Sólo fueron necesarias un par de semanas para convencer a Mei de que el ofrecimiento de Tokei no había sido ninguna estupidez. Al principio la idea le había parecido absurda, había aceptado sólo a regañadientes, y porque era plenamente consciente de que necesitaba aprender a defenderse. Sobre todo después del asalto en el callejón y los malos augurios que le diera Crisannia la última vez que la viera largo tiempo atrás.
Siempre había sido bastante ágil y rápida, y mucho más resistente de lo que pudiera esperarse por su complexión. Buena parte de ello tenía que agradecérselo a los entrenamientos con su madre, juegos para ella en su temprana edad, en el jardín de los Hollgan, el hogar de su primera infancia. Pero todo eso no le era suficiente para aguantar el ritmo que Tokei le imponía. Acababa exhausta tras cada sesión.
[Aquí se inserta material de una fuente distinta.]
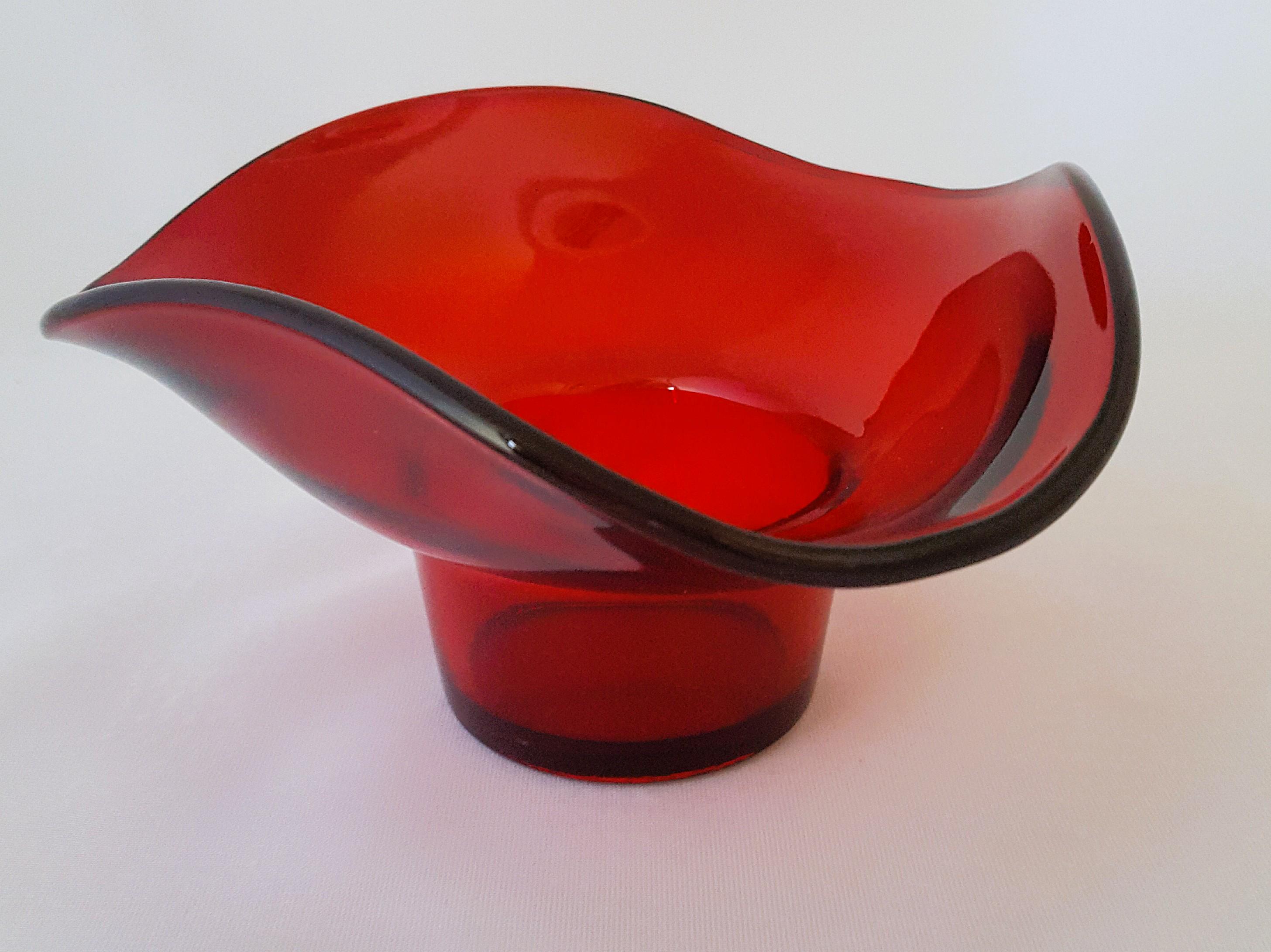 Sowerby Ruby Red Glass Bowl – Vintage Freeform Crimped Edge Dish, England
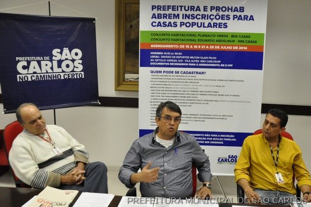 Em coletiva de imprensa realizada nesta segunda-feira (14), na Prefeitura Municipal, o presidente da PROHAB (Progresso e Habitação São Carlos), Mauro Moraes, juntamente com o chefe de gabinete José Luiz Galvão e o diretor financeiro, Antonio Cesar Polimeno, anunciou a abertura das inscrições para os novos empreendimentos habitacionais de São Carlos, os residenciais Planalto Verde e Eduardo Abdnelnur. Serão 1.792 moradias, sendo 806 destinadas ao Planalto Verde e 986 ao Eduardo Abdelnur.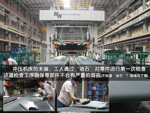 在生產(chǎn)線的中間是工作人員的監(jiān)控區(qū)域,工作人員可以通過(guò)監(jiān)視器看到整個(gè)沖壓車間的的生產(chǎn)狀況。而在每一個(gè)沖壓機(jī)床的末端,工人會(huì)對(duì)每一個(gè)沖壓出來(lái)的配件進(jìn)行粗檢。然后由一汽大眾的AUDIT評(píng)審專家,對(duì)配件進(jìn)行“比客戶更加苛刻”的標(biāo)準(zhǔn),去檢查配件的公益標(biāo)準(zhǔn)。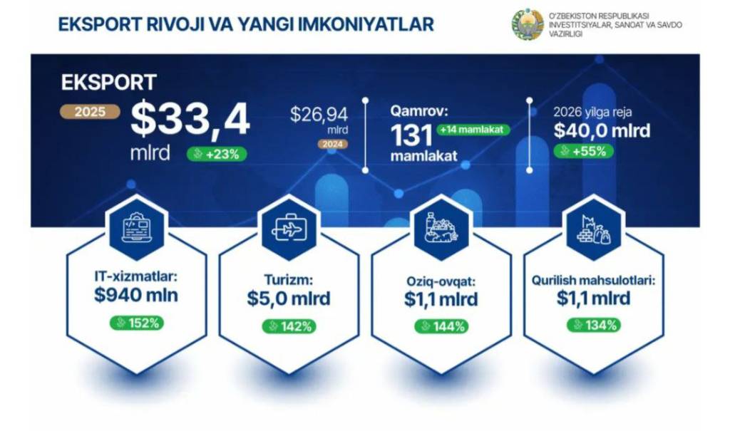 Қайд этилганидек, экспорт географияси 131 та мамлакатни қамраб олди. 2026 йилда бу кўрсаткич $40 миллиардни ташкил этиши кутилмоқда.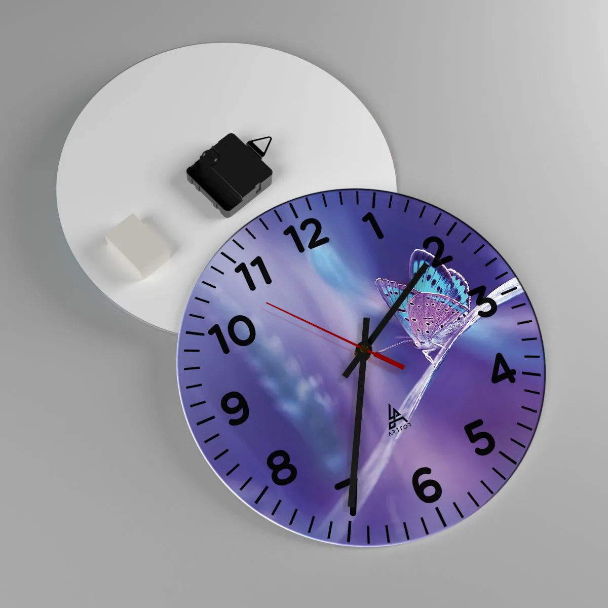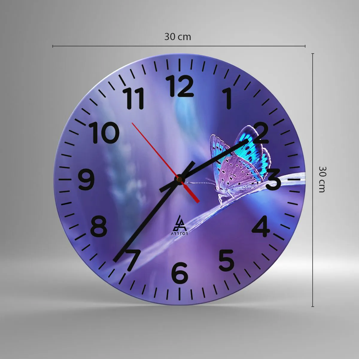 Hodiny jsou vyrobeny z odolného skla o tloušťce 4 mm. Sklo zachovává přirozené barvy potisku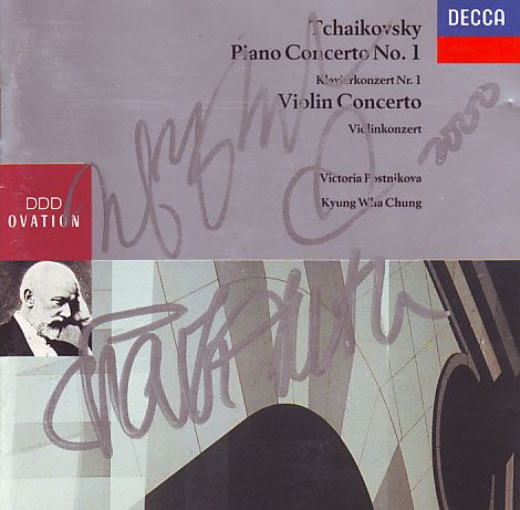 p09.柴柯夫斯基:小提琴协奏曲(蒙特利尔交响乐团、迪图瓦指挥)这是我最喜爱的老柴d大调小提琴协奏曲最好版本之一,封面是郑京和与迪图瓦的签名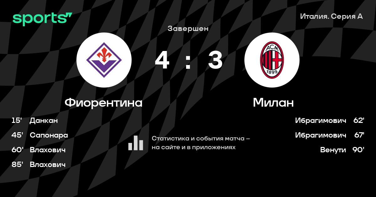 «Фиорентина» обыграла «Милан» – 4:3. У Влаховича и Златана по дублю

Por su parte Tokei no le había desvelado el porqué de su ofrecimiento, si bien ella tampoco se lo había preguntado. Le bastaba con ver que ponía tanto esfuerzo en enseñarla como ella en dejarse enseñar. A pesar de su carácter independiente y orgulloso aceptaba cada corrección, cada crítica, y Tokei parecía notarlo y perseverar en su tarea. Quizás por su nueva relación maestro-aprendiz, o simplemente porque se iban conociendo cada vez más, Mei percibía que poco a poco en su mirada se había ido diluyendo el tono de sospecha y desconfianza.
Se habían ejercitado cada día mañana y tarde, a primeras horas con poca intensidad y aumentando el ritmo según avanzaba la jornada. En sucesivas sesiones Mei había practicado con distintas armas de madera tomadas del arsenal de entrenamiento de la compañía. Todas le habían parecido pesadas e inmanejables para su fortaleza física, pero Tokei se había empeñado en que lo hicieran así. Al final, a falta de unos cuchillos y aunque le parecía un poco aparatoso había optado por quedarse con un bo, con el que había estado practicando la última semana.
Aquella mañana sin embargo habían descansado. No como concesión, sin embargo, sino como preparación para el adiestramiento de la tarde, que se anunciaba inusual. En la víspera Mei había cometido la imprudencia de querer zafarse de una de las reprimendas de Tokei por su mal manejo del bo alegando un "sin duda me movería con más soltura si estuviese aprendiendo a usar mis dagas". Así que, mientras Mei se mordía la lengua por lo que acababa de decir, Tokei había dado por finalizada la sesión y la había pospuesto para la jornada siguiente, con "sus dagas".
Durante esa misma noche se había reprendido a sí misma por haber mencionado la existencia de las dagas de su madre, pero tras reflexionar había olvidado el asunto. Al fin y al cabo hasta el viajero más patán portaba algún arma para intentar defenderse durante sus viajes. No tenía nada de extraño que ella también tuviese alguna. Sí la había intrigado, ya durante la descansada mañana, el propósito de Tokei al variar la frecuencia normal de los entrenamientos, sobre todo cuando él mismo la había impuesto. Sin duda estaba tramando algo que no le iba a gustar demasiado; no en vano estaba empezando a conocerlo a él y a sus duros métodos de enseñanza. De todas formas pronto lo sabría, ya que la hora se acercaba. Con un solitario encogimiento de hombros abrió la puerta para salir a la plaza que la esperaba.